-- WHAT IS NEEDED --
After finding the line with "Entrainement au sauvetage" in the entries below, copy that line and each one after it exactly, through the last line, and omit pictures.

[Dataset records]
============================================================
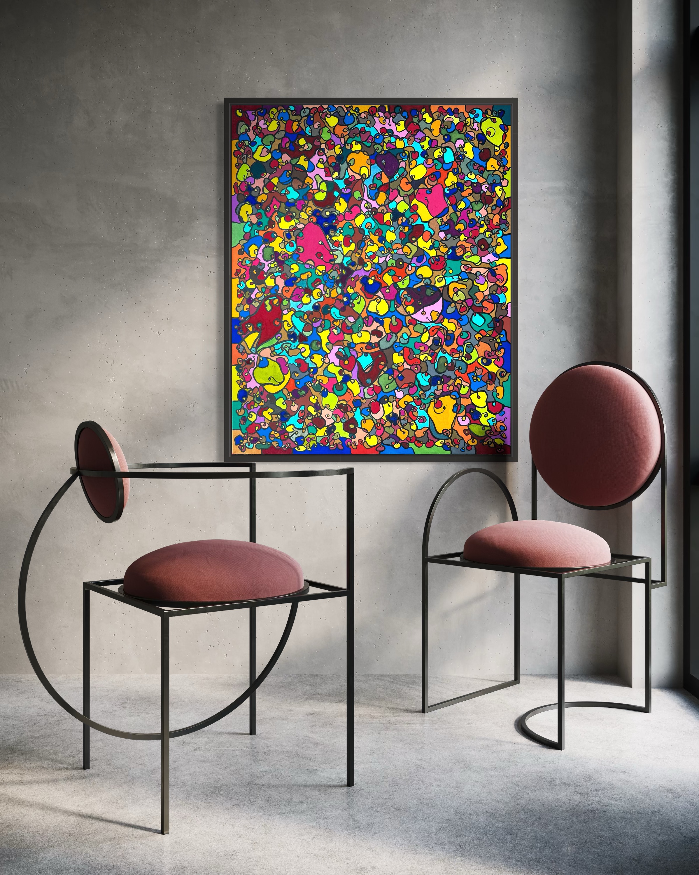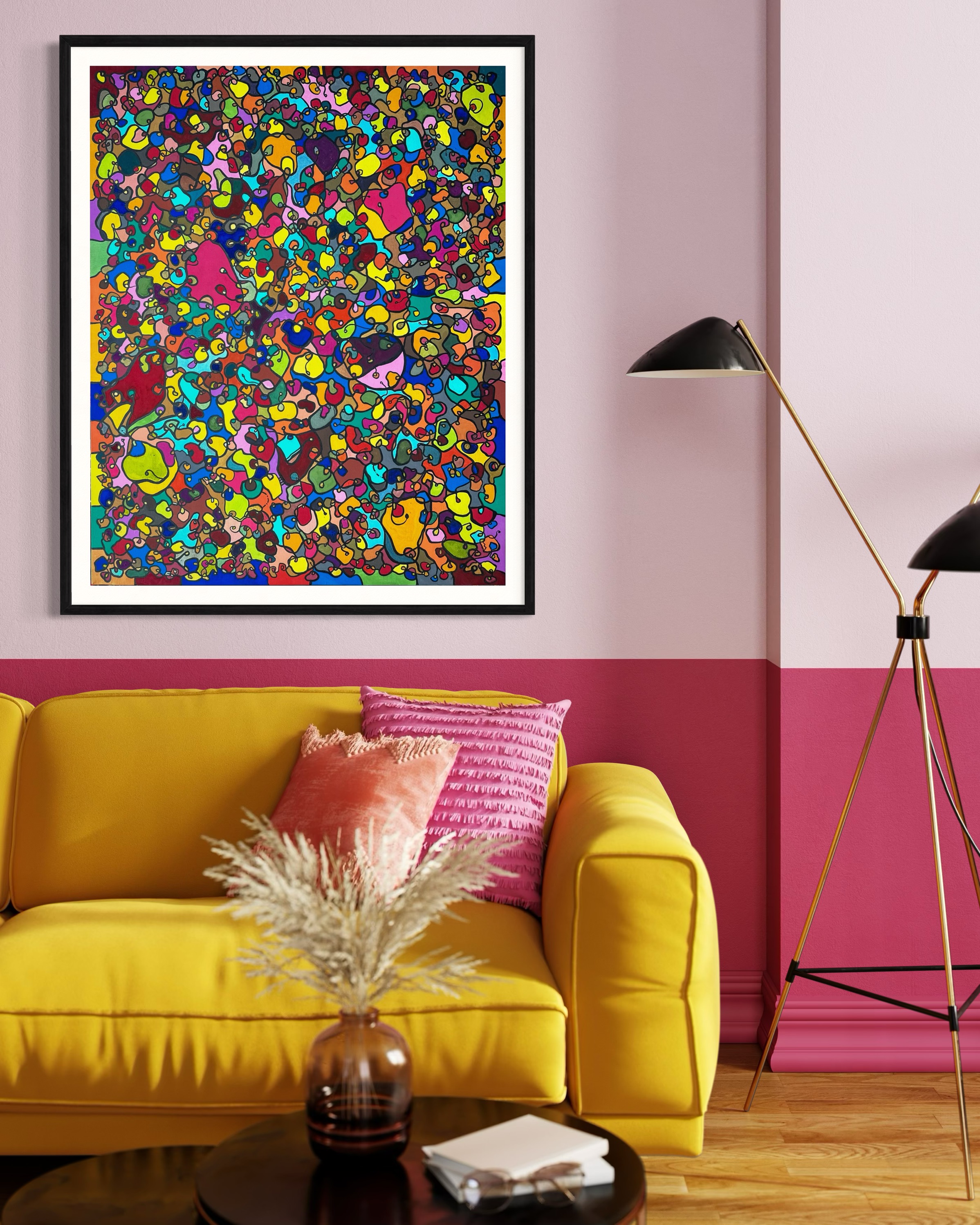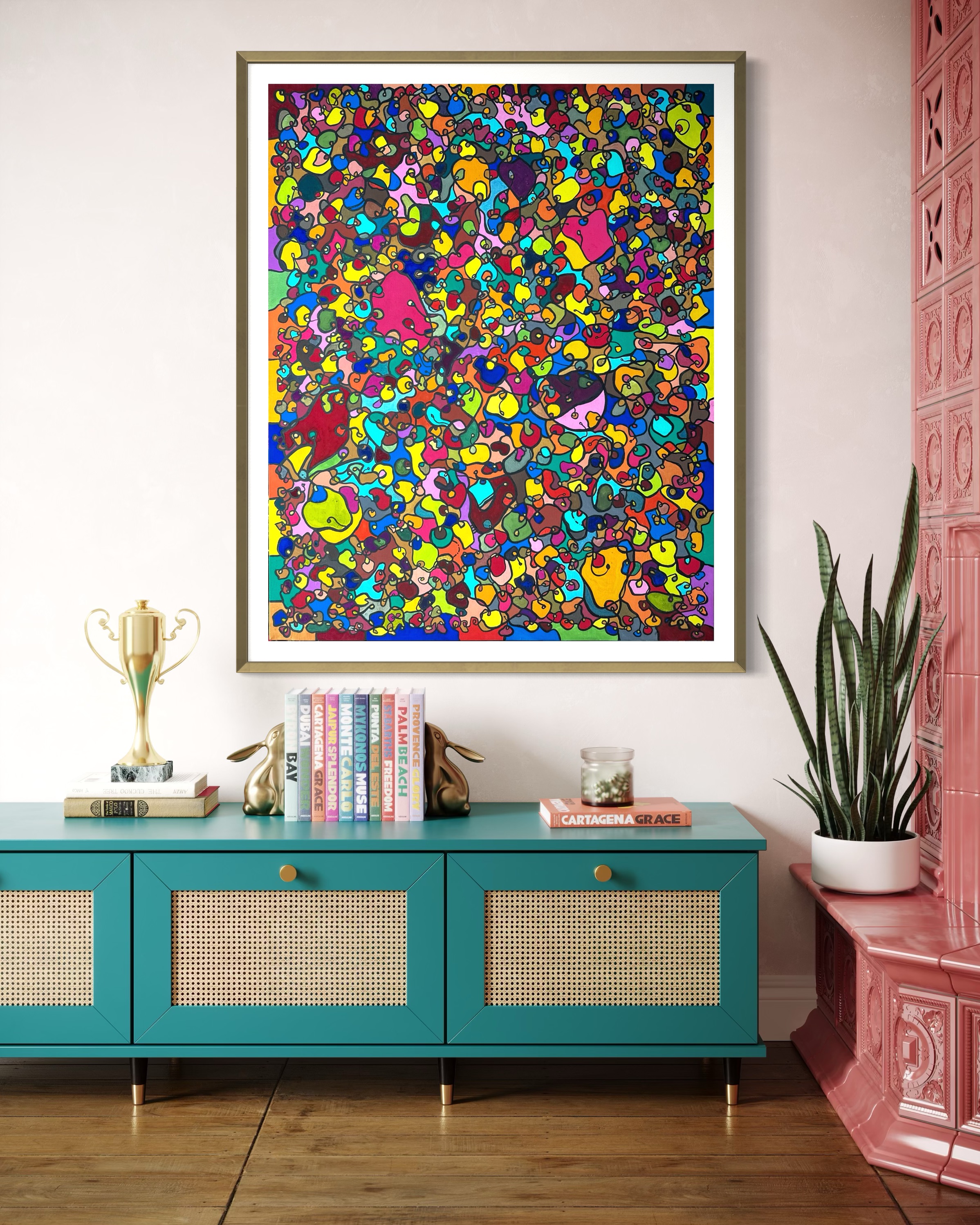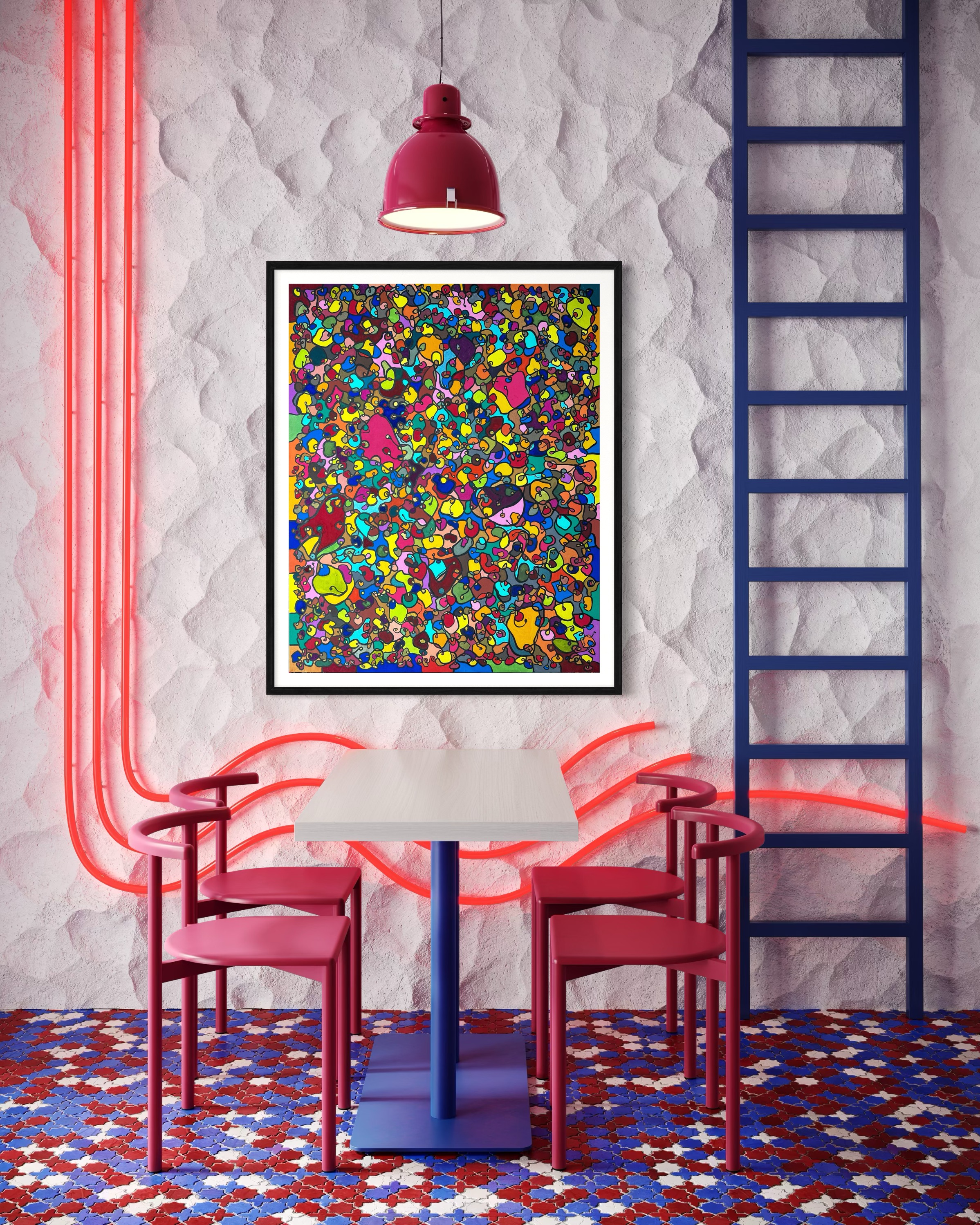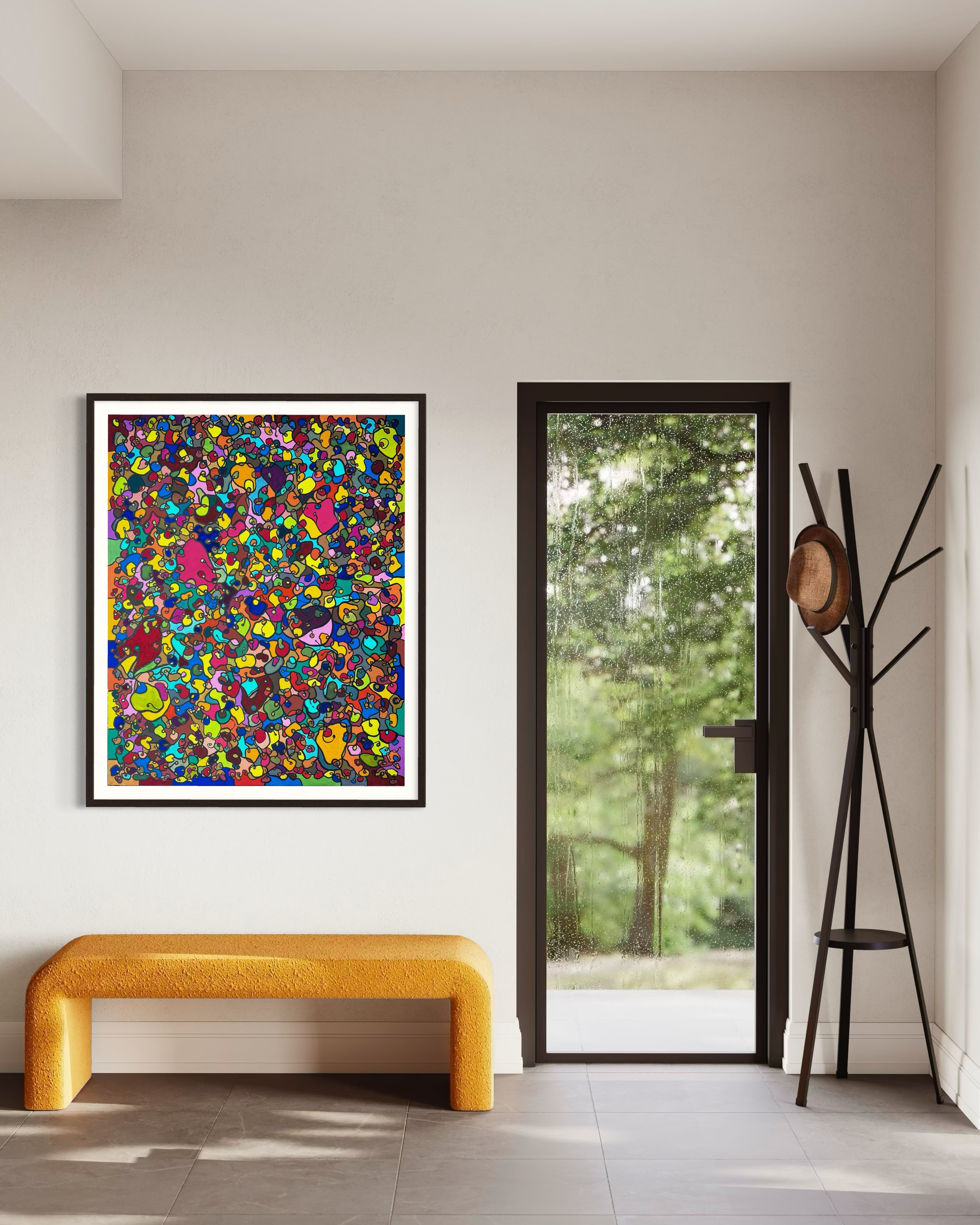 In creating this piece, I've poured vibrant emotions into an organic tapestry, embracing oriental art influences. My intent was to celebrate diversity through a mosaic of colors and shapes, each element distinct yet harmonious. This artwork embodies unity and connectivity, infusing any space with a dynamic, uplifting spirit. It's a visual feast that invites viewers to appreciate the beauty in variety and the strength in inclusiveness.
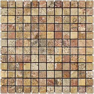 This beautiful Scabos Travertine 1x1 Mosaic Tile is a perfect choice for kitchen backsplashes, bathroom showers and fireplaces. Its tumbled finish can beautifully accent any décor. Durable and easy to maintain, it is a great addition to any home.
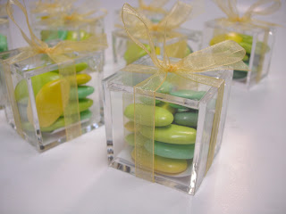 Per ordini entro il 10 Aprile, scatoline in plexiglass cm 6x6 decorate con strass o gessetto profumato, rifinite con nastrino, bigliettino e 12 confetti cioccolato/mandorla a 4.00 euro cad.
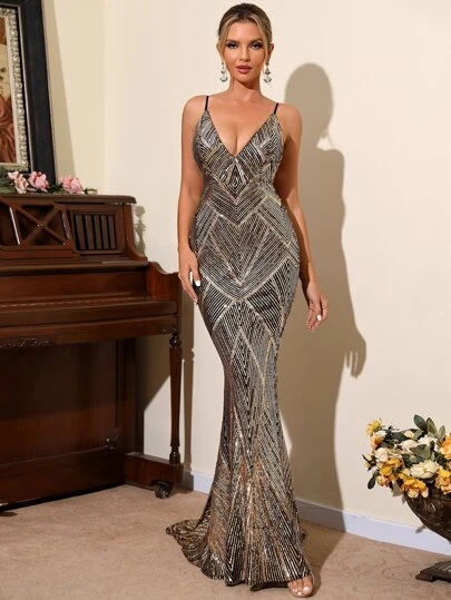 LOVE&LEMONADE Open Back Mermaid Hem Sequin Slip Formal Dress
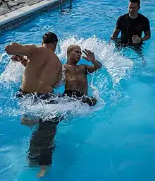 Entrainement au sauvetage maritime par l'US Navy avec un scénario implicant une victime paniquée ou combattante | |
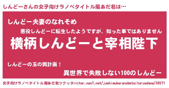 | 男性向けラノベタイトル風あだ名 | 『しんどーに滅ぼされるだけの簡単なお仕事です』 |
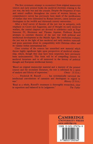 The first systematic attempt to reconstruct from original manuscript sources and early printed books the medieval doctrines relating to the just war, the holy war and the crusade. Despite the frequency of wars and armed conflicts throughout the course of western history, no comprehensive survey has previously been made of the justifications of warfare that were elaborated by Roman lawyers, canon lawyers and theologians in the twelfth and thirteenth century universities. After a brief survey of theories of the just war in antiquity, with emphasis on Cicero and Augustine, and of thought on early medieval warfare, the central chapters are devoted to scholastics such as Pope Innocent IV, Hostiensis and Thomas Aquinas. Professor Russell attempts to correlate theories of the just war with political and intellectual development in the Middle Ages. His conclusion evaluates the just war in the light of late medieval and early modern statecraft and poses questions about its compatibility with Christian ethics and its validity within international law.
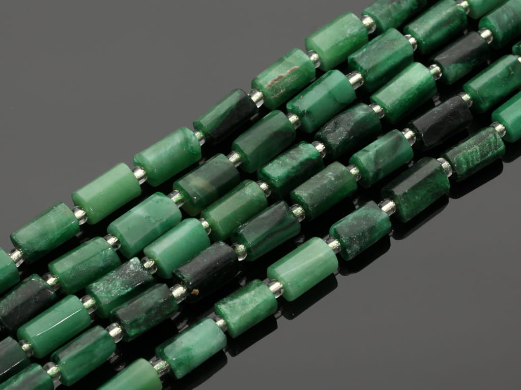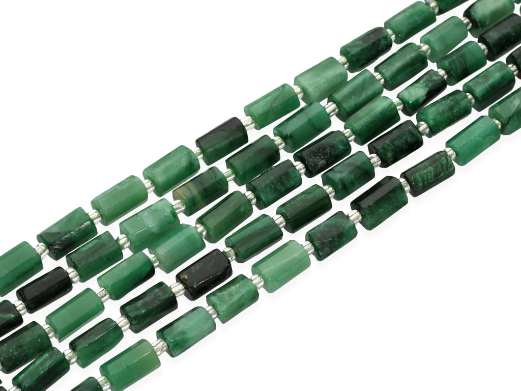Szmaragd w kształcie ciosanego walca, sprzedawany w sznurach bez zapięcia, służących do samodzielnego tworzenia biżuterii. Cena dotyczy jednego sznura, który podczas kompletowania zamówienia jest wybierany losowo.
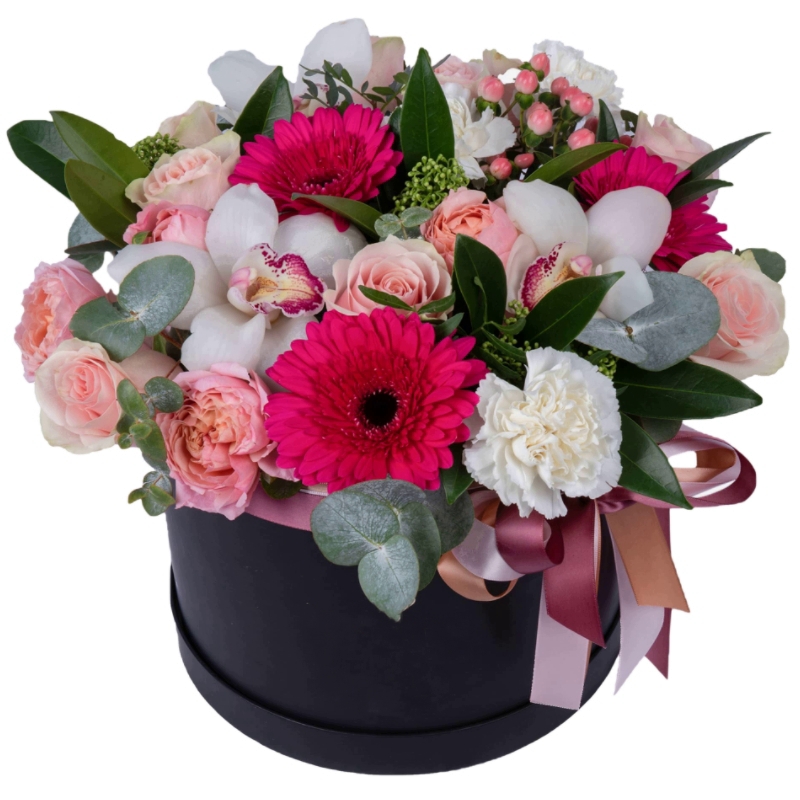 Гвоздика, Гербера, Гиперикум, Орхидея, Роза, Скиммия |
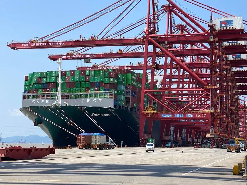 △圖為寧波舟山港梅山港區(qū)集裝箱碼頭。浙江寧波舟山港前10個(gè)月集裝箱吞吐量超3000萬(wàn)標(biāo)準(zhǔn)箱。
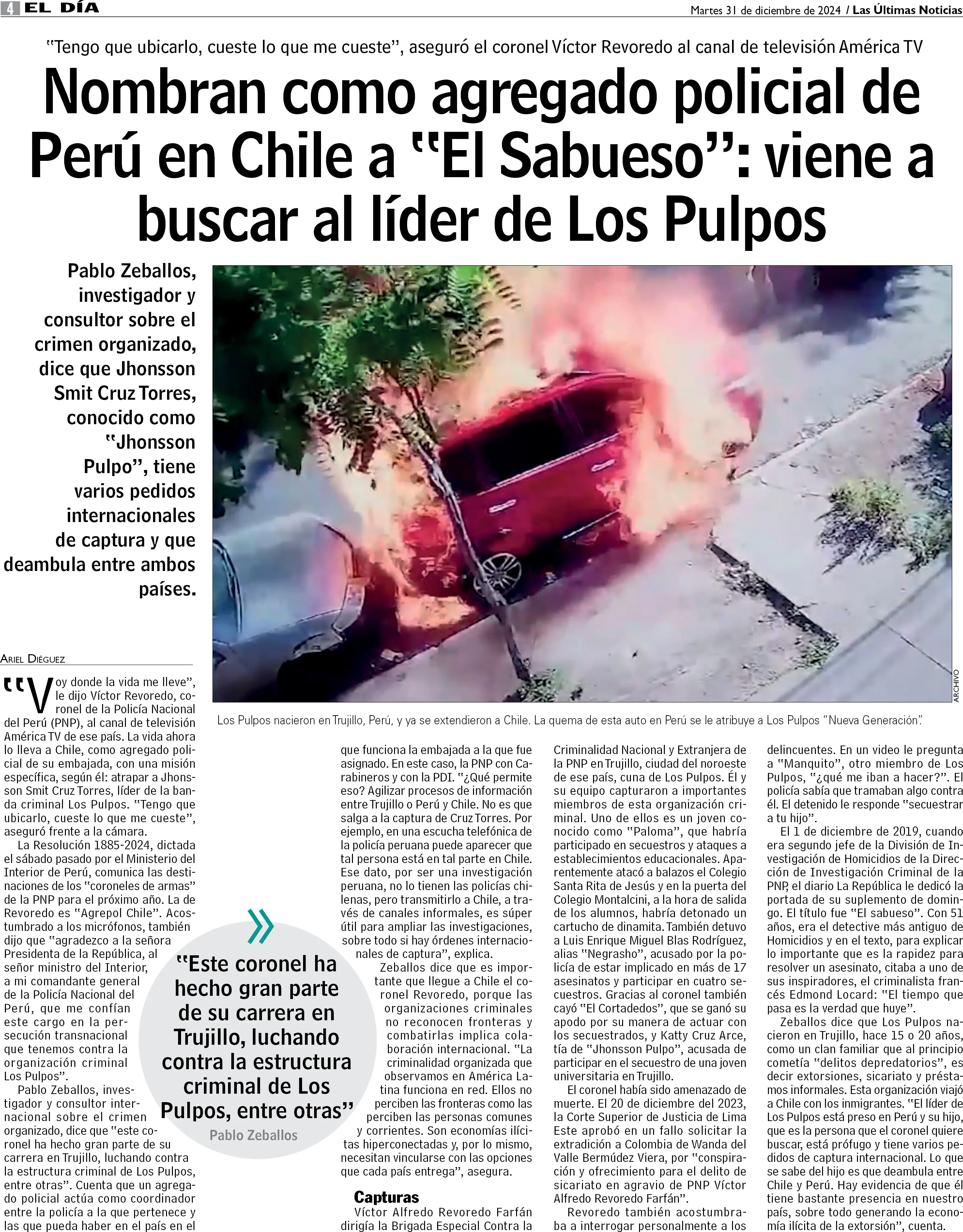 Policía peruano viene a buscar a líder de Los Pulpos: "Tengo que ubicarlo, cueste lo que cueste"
============================================================
-- SOLUTION TO THIS TASK --
 Entrainement au sauvetage maritime par l'US Navy avec un scénario implicant une victime paniquée ou combattante | |
 | 男性向けラノベタイトル風あだ名 | 『しんどーに滅ぼされるだけの簡単なお仕事です』 |
 The first systematic attempt to reconstruct from original manuscript sources and early printed books the medieval doctrines relating to the just war, the holy war and the crusade. Despite the frequency of wars and armed conflicts throughout the course of western history, no comprehensive survey has previously been made of the justifications of warfare that were elaborated by Roman lawyers, canon lawyers and theologians in the twelfth and thirteenth century universities. After a brief survey of theories of the just war in antiquity, with emphasis on Cicero and Augustine, and of thought on early medieval warfare, the central chapters are devoted to scholastics such as Pope Innocent IV, Hostiensis and Thomas Aquinas. Professor Russell attempts to correlate theories of the just war with political and intellectual development in the Middle Ages. His conclusion evaluates the just war in the light of late medieval and early modern statecraft and poses questions about its compatibility with Christian ethics and its validity within international law.
Szmaragd w kształcie ciosanego walca, sprzedawany w sznurach bez zapięcia, służących do samodzielnego tworzenia biżuterii. Cena dotyczy jednego sznura, który podczas kompletowania zamówienia jest wybierany losowo.
 Гвоздика, Гербера, Гиперикум, Орхидея, Роза, Скиммия |
 △圖為寧波舟山港梅山港區(qū)集裝箱碼頭。浙江寧波舟山港前10個(gè)月集裝箱吞吐量超3000萬(wàn)標(biāo)準(zhǔn)箱。
 Policía peruano viene a buscar a líder de Los Pulpos: "Tengo que ubicarlo, cueste lo que cueste"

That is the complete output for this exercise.